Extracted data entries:

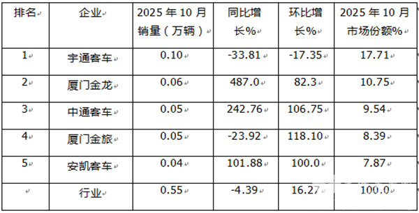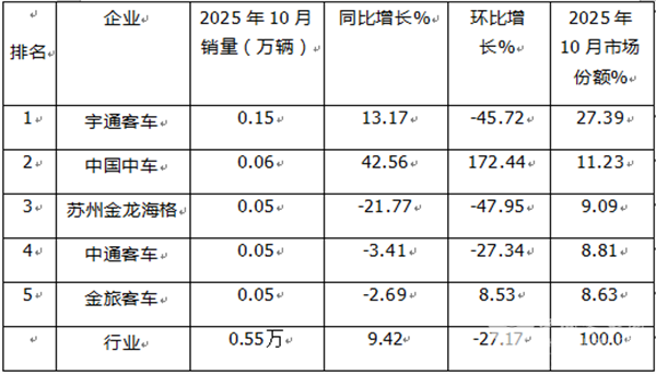 TOP5主流企业2025年10月中型客车销量、同比、环比及市场份额统计:
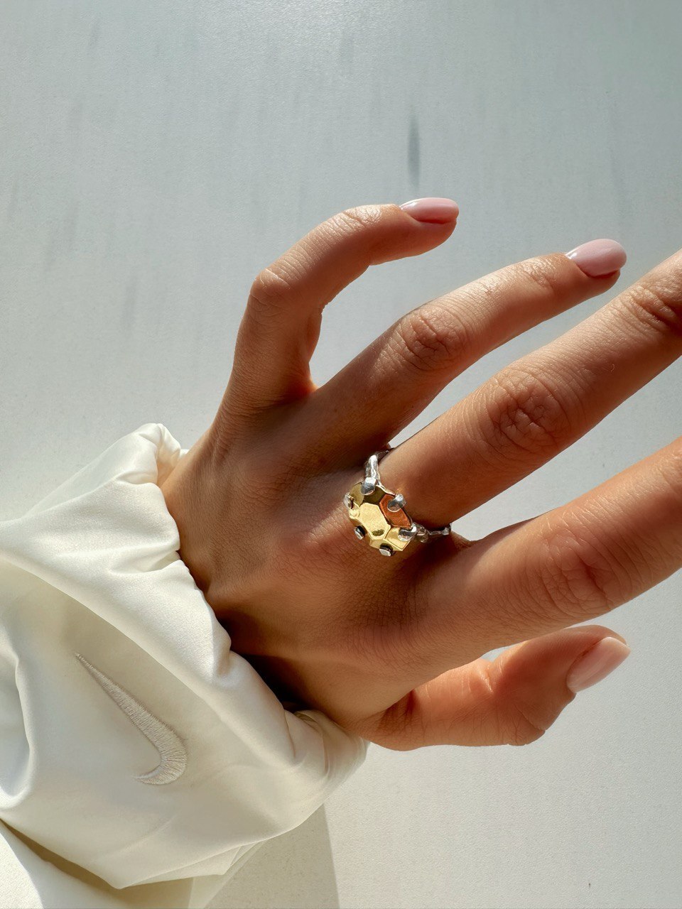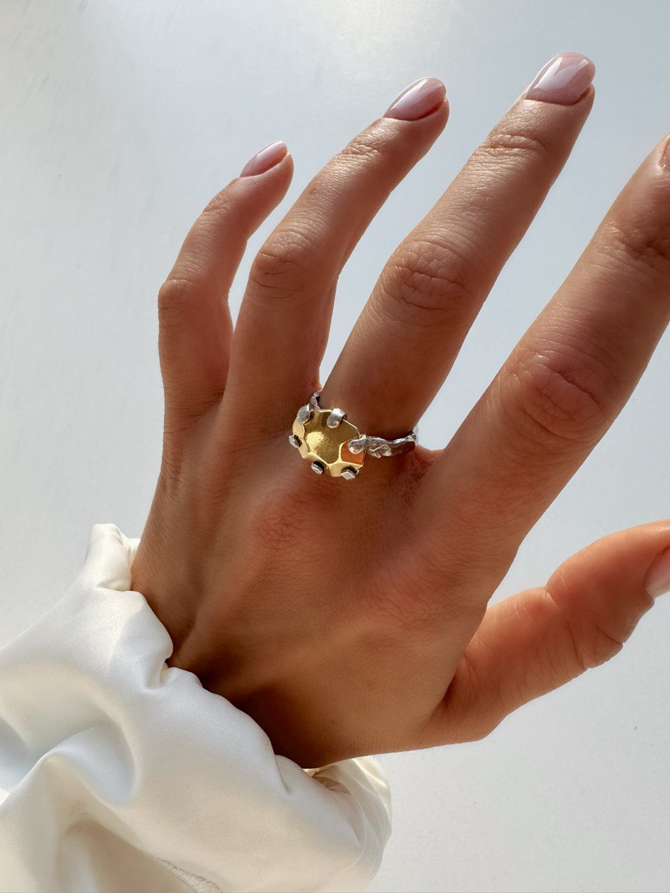 Элегантная форма и исключительно прекрасное сочетание прохлады серебра и теплоты золота: это кольцо можно носить с базовыми, классическими и праздничными образами. Любое сочетание будет идеальным!
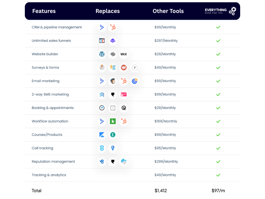 This is why patching together ClickFunnels, Calendly, Mailchimp, or low-end 'all-in-ones' have failed to save you time, get you more clients, or create real business freedom. Install my funnels instead!"
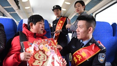 春節臨近,列車車窗上貼著窗花,車廂內張燈結彩。為了讓老鄉們快樂回家,貴州團省委組織的青年文藝志愿者與廣鐵集團廣州客運段動車2隊的乘務員們一起在車廂表演起豐富多彩的文藝節目。
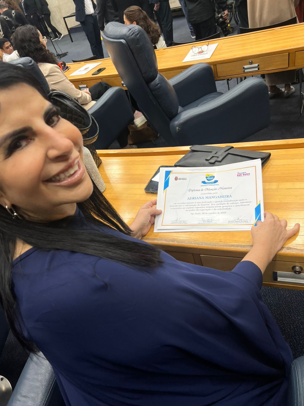 A advogada e triatleta Adriana Mangabeira recebeu, nesta quinta-feira (9), uma Moção Honrosa da Câmara Municipal de São Paulo, em reconhecimento à sua dedicação ao esporte e à promoção de hábitos saudáveis.
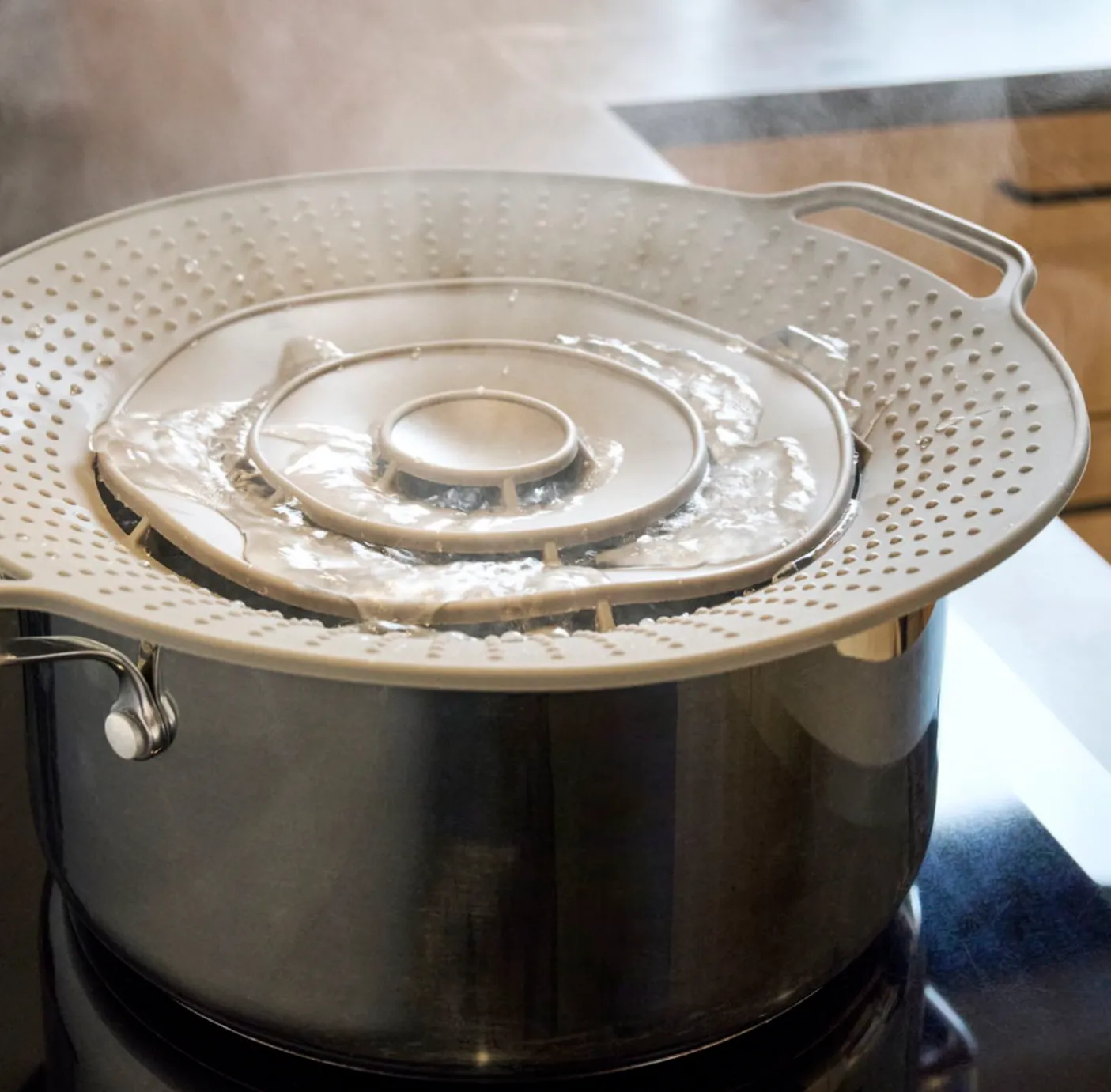 Låget fungerer ved at dampen åbner for lågets huller, så det kan slippe op og undgå at koge over. Overskydende vand fanges i låget som en si. Låget kan ligeledes også bruges som en dampkoger til fx grøntsager.
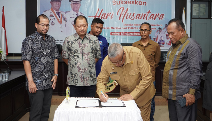 Penandatanganan MoU dilakukan oleh Walikota Tidore Kepulauan Capt. H. Ali Ibrahim dengan Direktur PT Berkah Moloku Kie Raha Propinsi Maluku Utara Andi Pravidia Saliman yang dilaksanakan di Ruang rapat Kantor Walikota, Selasa (12/11/2023).
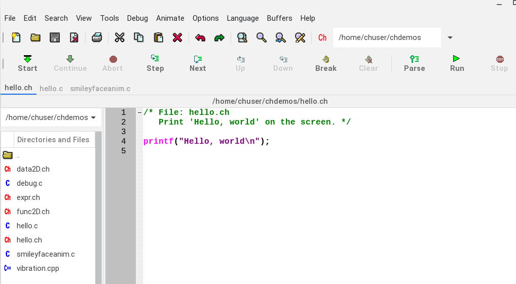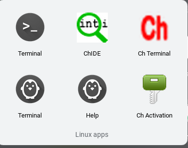 After you are done with the installation, you can find the ChIDE and Ch Terminal icon within the Linux app from the launcher, click the icon to run ChIDE.
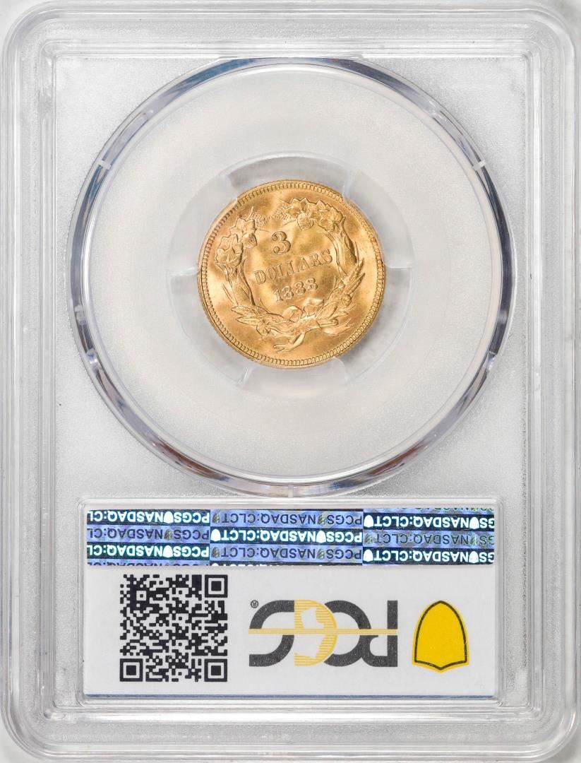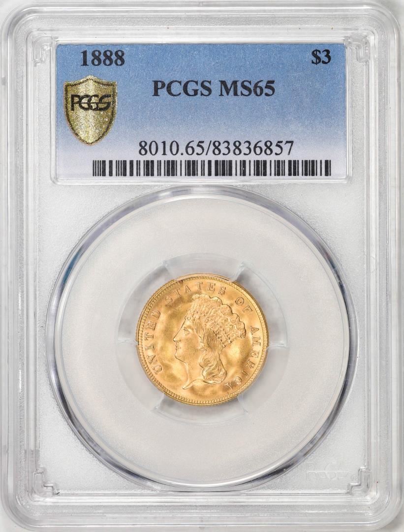 One 1888 $3 Indian Princess Head Gold Coin PCGS MS65. PCGS Graded.
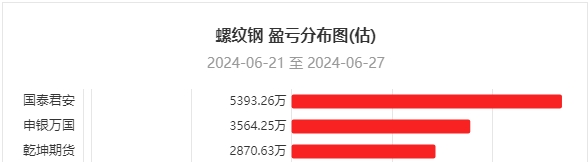 数据显示,一周内国泰君安、申银万国、乾坤期货在螺纹钢上盈利居前,三机构分别盈利5393.26万元,3564.25万元,2870.63万元。
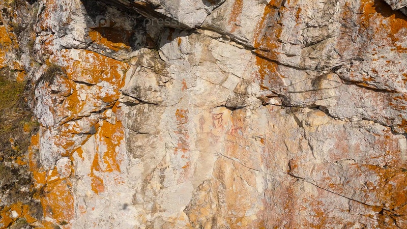 Бажуково, Россия. Скала Писаника. Наскальные рисунки сделаны более 3000 лет назад. Падение. Река Серга. Оленьи ручьи - природный парк в лесистой местности, Aerial View

§ **Instructions for the task**
The records above should be returned exactly; no image belongs in the copy.

§ **Response below**
 TOP5主流企业2025年10月中型客车销量、同比、环比及市场份额统计:
 Элегантная форма и исключительно прекрасное сочетание прохлады серебра и теплоты золота: это кольцо можно носить с базовыми, классическими и праздничными образами. Любое сочетание будет идеальным!
 This is why patching together ClickFunnels, Calendly, Mailchimp, or low-end 'all-in-ones' have failed to save you time, get you more clients, or create real business freedom. Install my funnels instead!"
 春節臨近,列車車窗上貼著窗花,車廂內張燈結彩。為了讓老鄉們快樂回家,貴州團省委組織的青年文藝志愿者與廣鐵集團廣州客運段動車2隊的乘務員們一起在車廂表演起豐富多彩的文藝節目。
 A advogada e triatleta Adriana Mangabeira recebeu, nesta quinta-feira (9), uma Moção Honrosa da Câmara Municipal de São Paulo, em reconhecimento à sua dedicação ao esporte e à promoção de hábitos saudáveis.
 Låget fungerer ved at dampen åbner for lågets huller, så det kan slippe op og undgå at koge over. Overskydende vand fanges i låget som en si. Låget kan ligeledes også bruges som en dampkoger til fx grøntsager.
 Penandatanganan MoU dilakukan oleh Walikota Tidore Kepulauan Capt. H. Ali Ibrahim dengan Direktur PT Berkah Moloku Kie Raha Propinsi Maluku Utara Andi Pravidia Saliman yang dilaksanakan di Ruang rapat Kantor Walikota, Selasa (12/11/2023).
 After you are done with the installation, you can find the ChIDE and Ch Terminal icon within the Linux app from the launcher, click the icon to run ChIDE.
 One 1888 $3 Indian Princess Head Gold Coin PCGS MS65. PCGS Graded.
 数据显示,一周内国泰君安、申银万国、乾坤期货在螺纹钢上盈利居前,三机构分别盈利5393.26万元,3564.25万元,2870.63万元。
 Бажуково, Россия. Скала Писаника. Наскальные рисунки сделаны более 3000 лет назад. Падение. Река Серга. Оленьи ручьи - природный парк в лесистой местности, Aerial View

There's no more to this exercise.